Public forum held two days after student arrested for threatening middle school peers

Woodburn School District held its second public safety forum May 23 to address issues raised by the school shooting hoax and panic in February. About 60 parents attended to learn about the district's emergency procedures and safety infrastructure.

In February, a threat made by a student on social media led to a panic among parents, who rushed to Woodburn schools and took their kids home. The district had notified parents about the incident via auto dialer, social media and letters home, but parents later said they were confused by the messages and claimed the district had not given them enough information.

By coincidence, another incident took place on May 21, just two days before the second safety meeting, when a 13-year-old French Prairie Middle School student was arrested for allegedly making threats against several students on Snapchat.
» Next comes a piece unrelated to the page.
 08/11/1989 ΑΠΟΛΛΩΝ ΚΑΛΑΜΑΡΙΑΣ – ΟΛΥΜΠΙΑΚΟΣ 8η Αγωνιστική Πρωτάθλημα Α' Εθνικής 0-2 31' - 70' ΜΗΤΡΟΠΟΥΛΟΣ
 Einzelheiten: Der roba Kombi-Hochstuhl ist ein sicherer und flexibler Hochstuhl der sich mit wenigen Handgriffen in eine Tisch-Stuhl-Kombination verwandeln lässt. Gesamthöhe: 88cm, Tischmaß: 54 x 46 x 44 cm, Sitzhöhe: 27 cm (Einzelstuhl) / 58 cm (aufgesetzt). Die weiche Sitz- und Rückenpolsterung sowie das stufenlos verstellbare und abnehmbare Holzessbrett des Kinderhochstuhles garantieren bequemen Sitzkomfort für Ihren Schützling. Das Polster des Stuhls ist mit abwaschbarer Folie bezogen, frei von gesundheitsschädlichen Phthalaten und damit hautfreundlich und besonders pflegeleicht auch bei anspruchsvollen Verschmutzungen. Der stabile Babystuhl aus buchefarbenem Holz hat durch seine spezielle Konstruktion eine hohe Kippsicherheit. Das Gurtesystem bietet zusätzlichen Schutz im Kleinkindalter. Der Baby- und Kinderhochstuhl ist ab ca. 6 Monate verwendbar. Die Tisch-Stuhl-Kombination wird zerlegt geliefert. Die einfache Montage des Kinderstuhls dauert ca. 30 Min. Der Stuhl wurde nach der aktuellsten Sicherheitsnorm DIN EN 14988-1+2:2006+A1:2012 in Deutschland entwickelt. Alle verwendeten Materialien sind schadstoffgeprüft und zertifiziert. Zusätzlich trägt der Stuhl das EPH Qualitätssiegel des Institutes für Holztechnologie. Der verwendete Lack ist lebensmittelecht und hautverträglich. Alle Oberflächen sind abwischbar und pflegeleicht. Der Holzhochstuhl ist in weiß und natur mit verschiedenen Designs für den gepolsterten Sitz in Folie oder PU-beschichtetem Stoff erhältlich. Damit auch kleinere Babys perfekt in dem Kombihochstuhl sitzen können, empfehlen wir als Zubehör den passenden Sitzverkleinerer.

The district informed the parents of the students involved on Monday, but did not send out a campus-wide alert.

Superintendent Chuck Ransom was joined by Woodburn School Board Chairwoman Linda Reeves, board directors Anthony Medina and Linda Johnston, Woodburn Police Chief Jim Ferraris and Deputy Chief Marty Pilcher during the forum.

Ransom gave a presentation detailing the steps the school takes to identify and respond to an emergency, the district's ongoing efforts to improve security, and how the school will improve communication with parents.
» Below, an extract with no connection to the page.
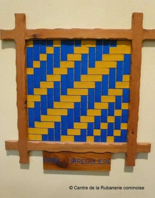 Dessin d’une armure “Bride irrégulière” composé de rubans disposés verticalement représentant la chaîne et de rubans horizontaux pour la trame.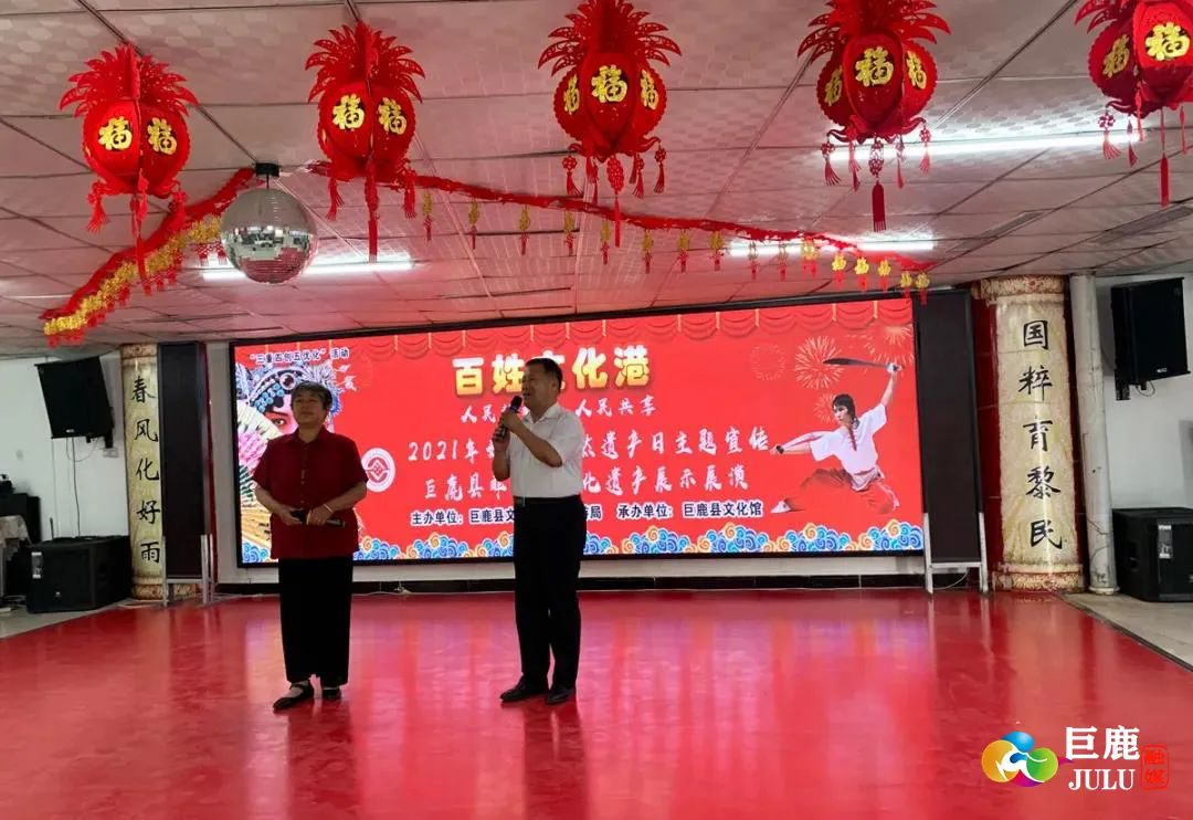 6月11日,以“人民的非遗 人民共享”为主题的“2021年文化和自然遗产日巨鹿县非物质文化遗产展示展演”活动在百姓文化港拉开了序幕。本次活动由巨鹿县文化广电和旅游局主办,巨鹿县文化馆承办,旨在弘扬中华优秀传统文化,动员全社会共同参与、关注和保护文化遗产,同时也是增强全社会文化遗产保护意识,落实“三重四创五优化”活动的重要举措。

Ransom explained the district's Standard Response Protocol (SRP), which is a standardized step-by-step guide to emergency response for everything from threats of violence to natural disasters. The program was created by John-Michael Keyes and Ellen Keyes, whose daughter was murdered by a gunman at a Colorado high school in 2006.

The SRP program uses easy-to-remember titles and visual cues so that even young children can remember the actions to take in an emergency. One of the most common times that SRP is used is during lockout situations, according to Ferraris. Lockouts occur when a possible threat is identified outside of a school campus, like police activity nearby. Students are brought inside and doors are locked.

Ransom asked the audience whether they had heard of the SRP program, and only a handful of the 60 or so parents raised their hands. Ransom has told the Independent in a previous interview that one of the biggest challenges the district faces in emergencies is that parents are not informed about the scope of security precautions already in place at schools. Parents rushing to pick up their kids poses a hazard during an actual emergency because they could get in the way of emergency personnel.

Ferraris talked about the school resource officers assigned to the Woodburn School District. Ferraris previously worked as head of SRO programs for Portland and Salem-Keizer public schools. The two SROs assigned to WSD, detectives Jacob Stout and Jorge Gaspar, are trained in state and national programs. They conduct investigations of student-related crimes, and maintain a uniformed presence at district schools to deter crime and violence.

The school district is also seeking to implement further security measures at schools through the bond that was passed three years ago. The district will construct secure entrances at all schools, install electronically locking doors that can be triggered by entering a code into a phone line or by text, and move to electronic check-in systems to replace signing in school visitors on paper.

Ferraris stressed the importance of staff and students using ID cards, a system the school currently has in place. The cards not only help account for students and staff during an emergency, they provide a visual way for police officers to identify who is supposed to be at the school and who is a possible stranger, Ferraris said.

The district has also hired a full-time staff member for its communication team. Former Texas journalist Ricardo Vasquez will begin work as communications and community outreach coordinator for the district starting June 4.

Parents gave feedback during a question-and-answer session at the end of the meeting. Several were angry that they had not been informed by the district about the incident on Monday, and only heard about the arrest in the media.

"None of these protocol were followed, it is Wednesday and nothing has been explained," one parent said.

Ransom said that he had informed the parents of the students involved, but did not feel that it was appropriate to inform the parent population in general because the threat was only directed at specific students and not the school as a whole.

The common message from parents was that they felt like there was a gap in communication between the district and parents, and that parents wanted to hear about such incidents from the school before they broke in the news media.